G. Fox & Co., 960 Main Street, Hartford, Connecticut (1918), Cass Gilbert, architect. This was the store's flagship location from 1919 to 1993.

Mrs. Auerbach's belief in customer service was so focused that employees were charged with making sure every customer was satisfied, regardless of the cost. While the sales staff was not permitted to make final decisions in this area, Mrs. Auerbach's service managers had the last word, even to the extent that, on rare occasion, they were permitted to override a merchant's decision and take charge to satisfy a customer's need. While no service manager was ever chastised in this effort, an occasional merchant received the dreaded summons to the eleventh floor to be reminded by Mrs. Auerbach personally of her commitment to customer satisfaction. Further evidence of the store's commitment to service had a small staff of the service management personnel and two or three drivers on duty, sometimes until after midnight, on Christmas Eve to dispatch replacements for gifts that had not been received in time to be placed under the tree for Christmas.
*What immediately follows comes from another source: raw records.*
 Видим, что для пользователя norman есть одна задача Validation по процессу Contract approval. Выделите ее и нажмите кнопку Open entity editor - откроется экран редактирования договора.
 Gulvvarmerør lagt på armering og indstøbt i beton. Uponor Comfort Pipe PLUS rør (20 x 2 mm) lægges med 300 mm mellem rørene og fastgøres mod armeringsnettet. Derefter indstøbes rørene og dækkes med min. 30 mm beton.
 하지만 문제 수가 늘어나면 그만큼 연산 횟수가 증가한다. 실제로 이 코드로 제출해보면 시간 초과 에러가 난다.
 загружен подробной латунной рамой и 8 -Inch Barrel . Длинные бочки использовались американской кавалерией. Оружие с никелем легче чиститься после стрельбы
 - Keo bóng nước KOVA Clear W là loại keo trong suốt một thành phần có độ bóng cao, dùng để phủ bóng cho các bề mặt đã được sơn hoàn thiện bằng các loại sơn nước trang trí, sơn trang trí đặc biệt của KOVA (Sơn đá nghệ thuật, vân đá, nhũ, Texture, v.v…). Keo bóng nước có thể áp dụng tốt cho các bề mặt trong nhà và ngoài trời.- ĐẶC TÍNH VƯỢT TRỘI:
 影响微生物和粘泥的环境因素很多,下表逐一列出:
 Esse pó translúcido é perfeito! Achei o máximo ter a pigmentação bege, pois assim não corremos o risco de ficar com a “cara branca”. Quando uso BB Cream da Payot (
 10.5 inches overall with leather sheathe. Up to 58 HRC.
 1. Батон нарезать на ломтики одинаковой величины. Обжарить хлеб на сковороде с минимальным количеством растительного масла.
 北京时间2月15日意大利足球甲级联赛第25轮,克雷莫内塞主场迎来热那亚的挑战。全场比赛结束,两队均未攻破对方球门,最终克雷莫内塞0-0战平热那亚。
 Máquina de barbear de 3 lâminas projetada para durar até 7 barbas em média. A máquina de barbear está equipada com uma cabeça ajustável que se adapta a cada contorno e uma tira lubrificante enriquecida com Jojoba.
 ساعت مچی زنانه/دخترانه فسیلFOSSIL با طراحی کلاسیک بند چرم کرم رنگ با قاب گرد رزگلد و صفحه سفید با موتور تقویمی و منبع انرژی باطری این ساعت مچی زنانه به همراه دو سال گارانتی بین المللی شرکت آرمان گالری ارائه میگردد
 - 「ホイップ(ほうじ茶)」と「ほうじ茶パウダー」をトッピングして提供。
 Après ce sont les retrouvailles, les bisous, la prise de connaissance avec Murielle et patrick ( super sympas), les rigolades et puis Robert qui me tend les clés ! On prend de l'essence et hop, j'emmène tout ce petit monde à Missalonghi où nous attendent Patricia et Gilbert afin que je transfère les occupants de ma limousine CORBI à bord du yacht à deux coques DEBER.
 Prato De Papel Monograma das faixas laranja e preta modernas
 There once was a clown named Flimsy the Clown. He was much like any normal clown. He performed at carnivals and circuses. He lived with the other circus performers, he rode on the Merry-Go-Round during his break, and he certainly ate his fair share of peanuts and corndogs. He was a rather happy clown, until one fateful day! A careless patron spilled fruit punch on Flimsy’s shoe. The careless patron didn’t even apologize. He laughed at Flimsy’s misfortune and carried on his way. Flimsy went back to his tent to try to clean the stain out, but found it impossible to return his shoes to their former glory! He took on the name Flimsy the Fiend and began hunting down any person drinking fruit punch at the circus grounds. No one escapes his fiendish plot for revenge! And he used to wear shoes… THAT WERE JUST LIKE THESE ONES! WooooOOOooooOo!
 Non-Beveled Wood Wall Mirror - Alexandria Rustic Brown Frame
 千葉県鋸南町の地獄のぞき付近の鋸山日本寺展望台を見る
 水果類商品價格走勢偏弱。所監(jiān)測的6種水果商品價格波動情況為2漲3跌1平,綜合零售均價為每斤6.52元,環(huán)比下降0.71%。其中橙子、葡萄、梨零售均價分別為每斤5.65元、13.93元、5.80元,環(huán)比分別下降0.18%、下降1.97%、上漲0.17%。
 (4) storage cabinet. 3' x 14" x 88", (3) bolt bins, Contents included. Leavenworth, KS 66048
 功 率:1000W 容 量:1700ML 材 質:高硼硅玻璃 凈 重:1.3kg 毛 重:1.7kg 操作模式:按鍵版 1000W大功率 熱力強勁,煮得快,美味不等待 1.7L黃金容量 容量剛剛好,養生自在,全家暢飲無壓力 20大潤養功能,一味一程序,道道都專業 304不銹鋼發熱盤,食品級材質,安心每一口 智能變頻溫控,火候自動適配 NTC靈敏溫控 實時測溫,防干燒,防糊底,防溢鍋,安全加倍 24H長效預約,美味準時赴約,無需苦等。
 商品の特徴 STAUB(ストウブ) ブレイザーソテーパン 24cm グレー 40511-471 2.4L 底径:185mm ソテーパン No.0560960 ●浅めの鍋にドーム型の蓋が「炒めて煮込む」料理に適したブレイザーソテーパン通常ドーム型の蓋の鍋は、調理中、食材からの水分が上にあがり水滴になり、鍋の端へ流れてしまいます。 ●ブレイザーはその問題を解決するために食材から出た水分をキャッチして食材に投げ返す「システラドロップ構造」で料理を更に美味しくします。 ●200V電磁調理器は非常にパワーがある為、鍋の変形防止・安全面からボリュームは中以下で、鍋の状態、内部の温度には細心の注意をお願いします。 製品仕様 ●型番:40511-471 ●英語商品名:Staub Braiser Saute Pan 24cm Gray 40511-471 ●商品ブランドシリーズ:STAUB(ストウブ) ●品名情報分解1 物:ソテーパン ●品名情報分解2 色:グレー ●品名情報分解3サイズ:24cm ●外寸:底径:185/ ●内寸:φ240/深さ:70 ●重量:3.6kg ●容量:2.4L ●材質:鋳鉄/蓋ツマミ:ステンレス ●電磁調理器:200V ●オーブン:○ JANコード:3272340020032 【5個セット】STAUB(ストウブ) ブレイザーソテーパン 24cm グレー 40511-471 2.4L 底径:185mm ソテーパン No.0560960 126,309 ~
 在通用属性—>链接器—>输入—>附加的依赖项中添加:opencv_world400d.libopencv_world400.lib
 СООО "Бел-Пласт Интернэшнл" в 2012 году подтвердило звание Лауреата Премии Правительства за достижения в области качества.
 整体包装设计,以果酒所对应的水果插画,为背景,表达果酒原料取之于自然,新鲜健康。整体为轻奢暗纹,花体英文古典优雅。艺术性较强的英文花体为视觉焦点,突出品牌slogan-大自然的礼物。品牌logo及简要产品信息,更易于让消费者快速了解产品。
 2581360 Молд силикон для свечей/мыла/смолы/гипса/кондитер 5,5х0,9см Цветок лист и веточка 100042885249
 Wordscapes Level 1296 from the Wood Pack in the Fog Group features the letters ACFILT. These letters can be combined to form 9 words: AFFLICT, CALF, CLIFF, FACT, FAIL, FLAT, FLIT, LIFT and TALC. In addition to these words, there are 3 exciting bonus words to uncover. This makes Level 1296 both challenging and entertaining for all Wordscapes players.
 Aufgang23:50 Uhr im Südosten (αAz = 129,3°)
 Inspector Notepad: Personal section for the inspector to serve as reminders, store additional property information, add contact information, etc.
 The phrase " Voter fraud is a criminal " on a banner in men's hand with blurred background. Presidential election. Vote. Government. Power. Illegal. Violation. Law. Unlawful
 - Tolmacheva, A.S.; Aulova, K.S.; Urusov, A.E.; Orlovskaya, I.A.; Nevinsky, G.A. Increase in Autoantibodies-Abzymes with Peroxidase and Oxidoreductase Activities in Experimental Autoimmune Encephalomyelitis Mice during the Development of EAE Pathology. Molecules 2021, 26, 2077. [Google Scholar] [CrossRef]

Following Mrs. A's (as she was fondly known by the staff)[5] instincts, G. Fox added several major additions to the downtown complex, including a nine story retail addition to the Market Street (rear) side of the building. To accomplish this addition, a nine-story brick, concrete and steel warehouse had to be moved from one side of a city block to the opposite side - an immense feat at the time. Other additions included a major warehouse (Mrs. Auerbach insisted that it be referred to as the "Service Building") in the 1930s, and a multi-level parking garage in the 1960s[1] to accommodate family cars exiting from the two newly opened Interstate highways into downtown Hartford, and the sixty-station telephone-order department.

The parking garage was situated next to the new interchange of interstate highways 91 and 84. Allegedly, the construction of this interchange, notoriously poor in its original configuration and on a very constrained site, was the result of Mrs. Auerbach's insistence that the off-ramps of the new highway deposit customers, almost literally at the front door of her store. Considering the prevailing culture of the 1960s, and how few female executives existed at the time, this story, if true, would underscore just how influential Mrs. Auerbach was, particularly within the Hartford business community. The story, however, is often regarded as a local urban legend. The non-completion of the interchange was actually caused by local objections to the planned route of connectors through or under Bushnell Park and its sweeping lawn in front of the Connecticut State Capitol designed to bring traffic onto the two highways south of where they actually crossed. To this day motorists entering or exiting Interstate 84 at the Sisson Avenue interchange can see the unfinished exits that would have serviced those never-built connectors. In any event, it would be the mid 1990s before the interchange would be reconstructed to correct many of the earlier flaws, thanks to new technology that allowed construction of a "fly-over" ramp to take vehicles from Interstate 84 East to Interstate 91 North. When the company's third branch store was being constructed in Meriden, G. Fox (actually the May Co.) paid the state of Connecticut the funds necessary to have a highway exit near the new store completed in time for the opening of the new branch.

Downtown expansion[edit]

Throughout the mid 20th century, the store continued to grow exclusively at its downtown Hartford location. Against prevailing trends, Mrs. Auerbach believed that branch stores only detracted from the appeal of the flagship store. This was, in no small part, due to the failure of Foxmart, a farm equipment and supply "branch" of G. Fox in Connecticut's Tobacco Valley. Instead of creating branch locations and in an effort to reach out to her distant customers, Mrs. Auerbach had about one-third of the 11th floor Toy Department carved out and expanded the store's telephone-order facility. As part of this effort, the company added direct phone lines to every exchange in Connecticut and parts of Massachusetts and Rhode Island. In 1947, two years after World War II ended, G. Fox celebrated its 100th birthday.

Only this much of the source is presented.